Working with PR professionals when you’re a PR professional can be, er, complicated if certain ground rules aren’t followed. That’s not to say that clients in a PR or communications role are more important than any others — you should absolutely have best practices in place when dealing with ALL clients, and if you don’t, please start immediately.
Rather, these are tips to make the relationship operate more smoothly for shared success.
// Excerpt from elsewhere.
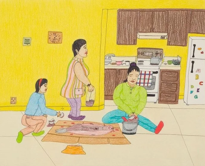 Annie Pootoogook, In the Kitchen (2006). Colored pencil and ink on paper, Pencil crayon / mixed media on paper, 38.7 × 50.2 cm. Private collection. Reproduced with the permission of the Dorset Fine Arts.

- Ignoring your internal partners’ experience and past wins
Let’s set the stage a bit. Imagine being a surgeon’s primary care physician or a litigator’s lawyer. One could assume that the client in these cases might believe he or she knows a thing or two more than the person they’re paying for their services. Perhaps they do. Perhaps they don’t. But it’s critical to acknowledge the person’s expertise. Yes, the physician is responsible for the care of her patient as if he were not a doctor, but does that mean she should ignore his education, residency and career while treating him?Look, your client hired you for a reason, so they know that you bring valuable expertise and ideas. But equally important (heck, probably more important) is recognizing that they, too, likely have past experiences and successes on which they’re basing ideas or questioning yours. Perhaps they’ve tried a strategy before with which you’re unfamiliar. Maybe it was wildly successful. Maybe it was a dud and they learned a valuable lesson from it. Why pass up the opportunity to learn something new?
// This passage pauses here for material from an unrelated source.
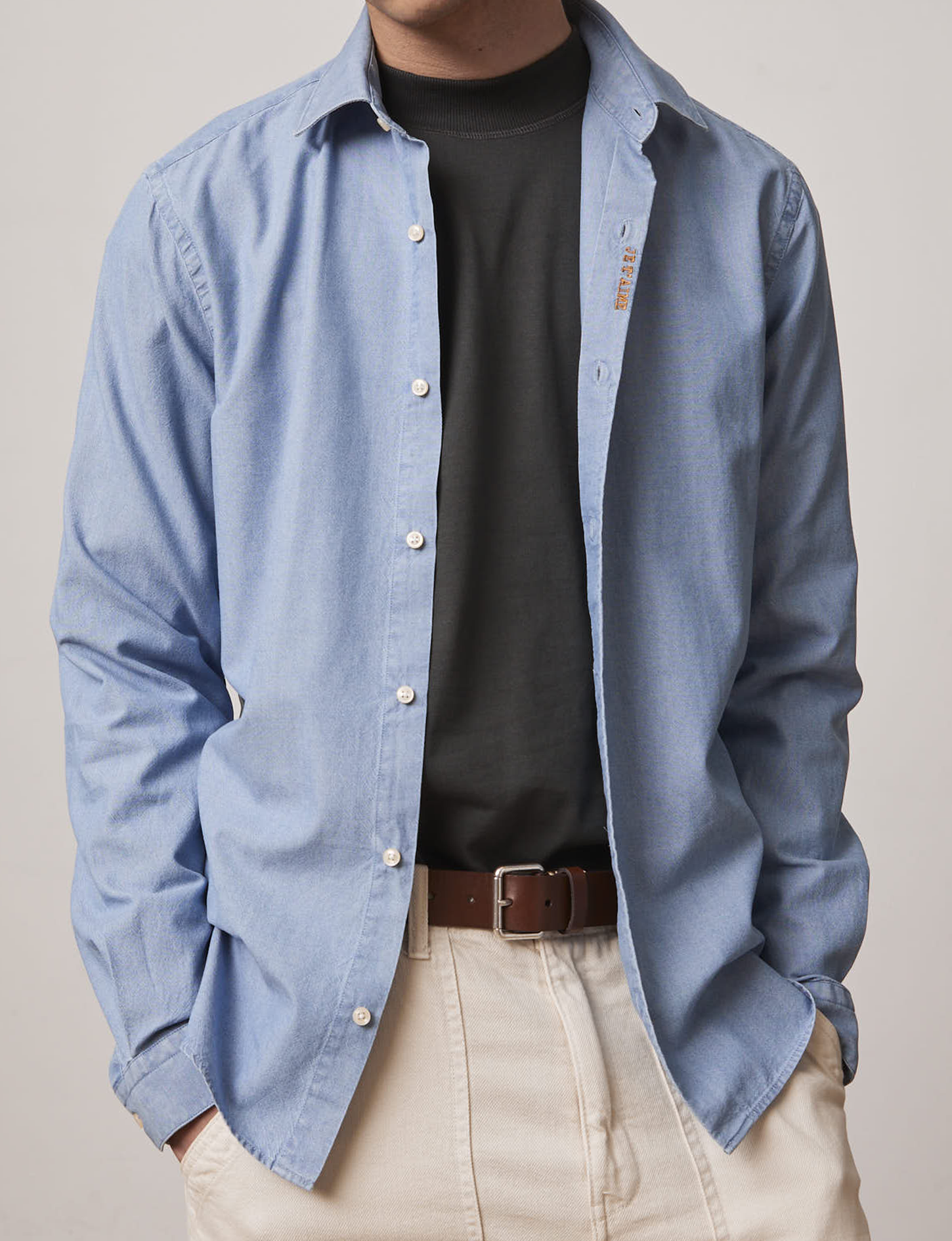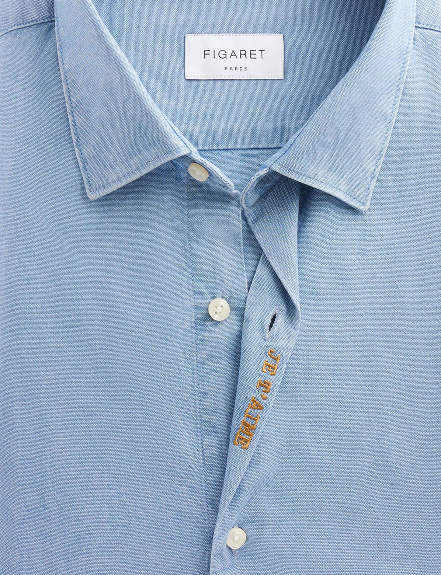 blue "Je t'aime” unisex shirt with camel embroidery Chambray - Figaret Collar

- Not actually listening to what the client needs
An internal media relations/communications/marketing team can range in size — depending on the company, of course — from a one-person shop to a growing team in double digits. I’ve been on an internal communications team with a very healthy (and talented) staff and we worked with a few agencies for certain, and usually very specific, things that weren’t exactly in our wheelhouse or for which we were limited in resources and needed some help.There were times this made for a great, collaborative relationship in which the work of both parties was complementary. There were times this made for incredibly frustrating situations, and it usually could be traced back to simply not listening. The good news? This is preventable.
Just listen.
- Not effectively communicating to the client
This one seems like a no-brainer: An in-house communications team working with an external PR team should be communicating all the time, around the clock, perhaps ad nauseum. But this isn’t always the case.Remember the doctor analogy — you can’t just assume they’ve “got this” because they’re in the biz. They hired you to do a job and do it well, and in their own field, no less. The bar is raised. They raised it the moment they hired you. Don’t fail them because you assume they know the ins and outs of the field. They do, but they brought you on to help them.